Write the listing out again word for word, leaving each picture behind.

===== Data for analysis

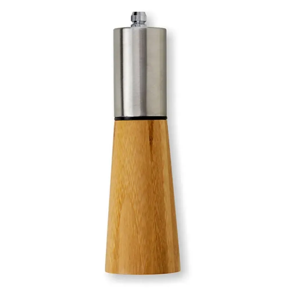 Moedor de sal grosso e pimenta em Bambu e Aço Inox. Conta com haste interna em alumínio e mecanismo em cerâmica. Tipo de gravação: Uma gravação a Laser no Bambu. Dimensões do produto: Ø5,5x18,5 Dimensões da embalagem: 58x58x190 mm (AxLxP) Peso da embalagem: 192 g Embalagem do produto: Caixa Preta
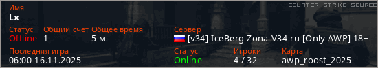 Играет на Counter Strike Source сервере. Страна: РоссияПервый раз замечен 05:33 16.11.2025
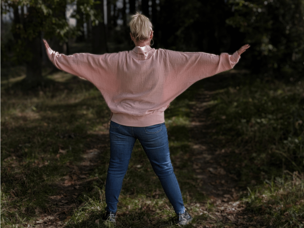 Střih: Volný, netopýří rukávy, spodní lem na knoflíky
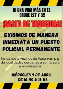 “¡Basta de tragedias! Exigimos de manera inmediata un puesto policial permanente. Invitamos a vecinos de Hasenkamp y localidades cercanas a sumarse a la movilización”, indica uno de los flyer que comenzaron a circular en redes sociales estos días.
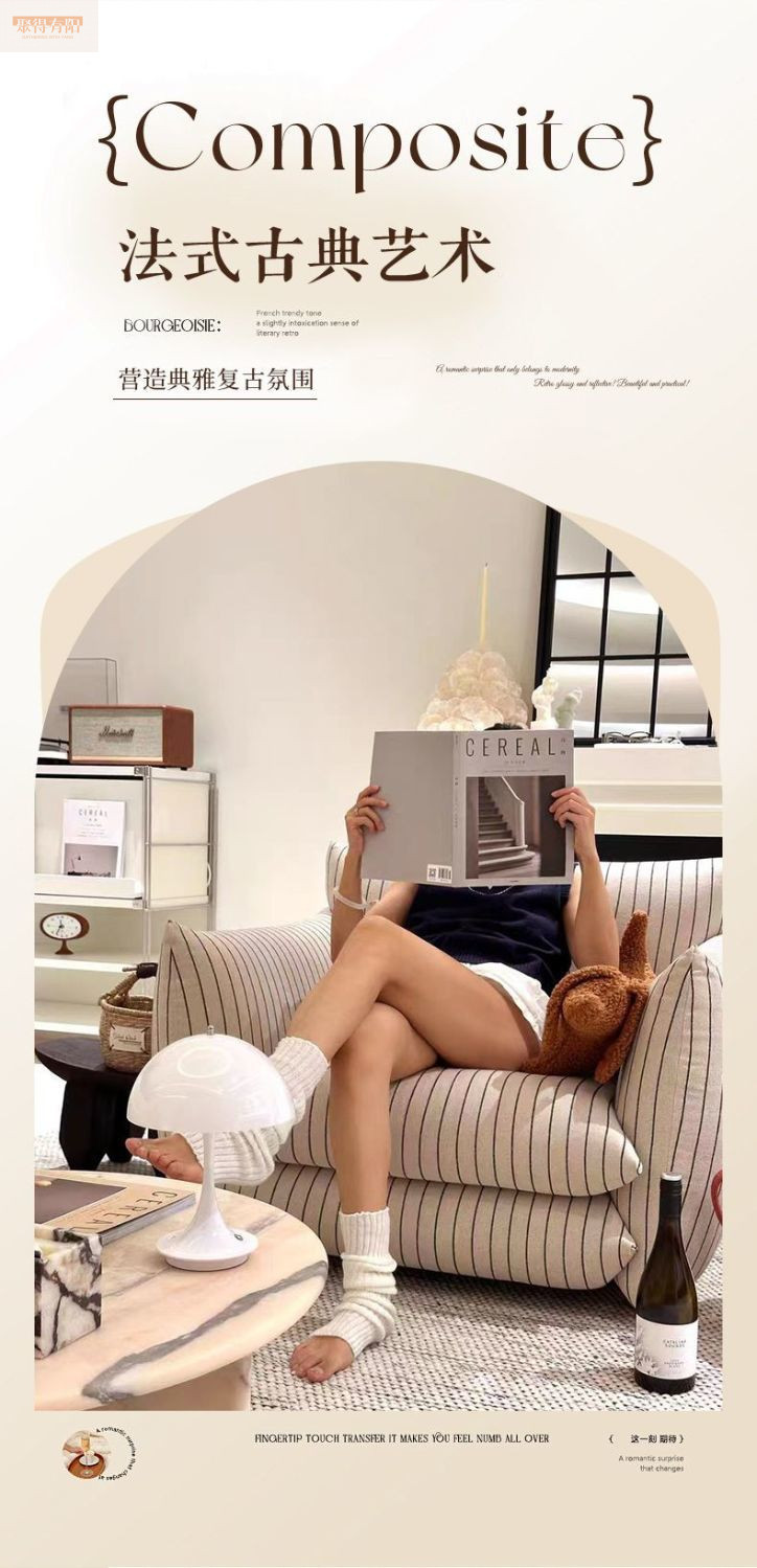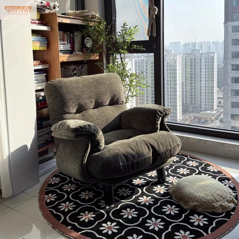 聪瑞尚法式复古单人沙发椅侘寂风客厅民宿酒店设计师棉麻懒人沙发

==========

- [Your response]:
 Moedor de sal grosso e pimenta em Bambu e Aço Inox. Conta com haste interna em alumínio e mecanismo em cerâmica. Tipo de gravação: Uma gravação a Laser no Bambu. Dimensões do produto: Ø5,5x18,5 Dimensões da embalagem: 58x58x190 mm (AxLxP) Peso da embalagem: 192 g Embalagem do produto: Caixa Preta
 Играет на Counter Strike Source сервере. Страна: РоссияПервый раз замечен 05:33 16.11.2025
 Střih: Volný, netopýří rukávy, spodní lem na knoflíky
 “¡Basta de tragedias! Exigimos de manera inmediata un puesto policial permanente. Invitamos a vecinos de Hasenkamp y localidades cercanas a sumarse a la movilización”, indica uno de los flyer que comenzaron a circular en redes sociales estos días.
 聪瑞尚法式复古单人沙发椅侘寂风客厅民宿酒店设计师棉麻懒人沙发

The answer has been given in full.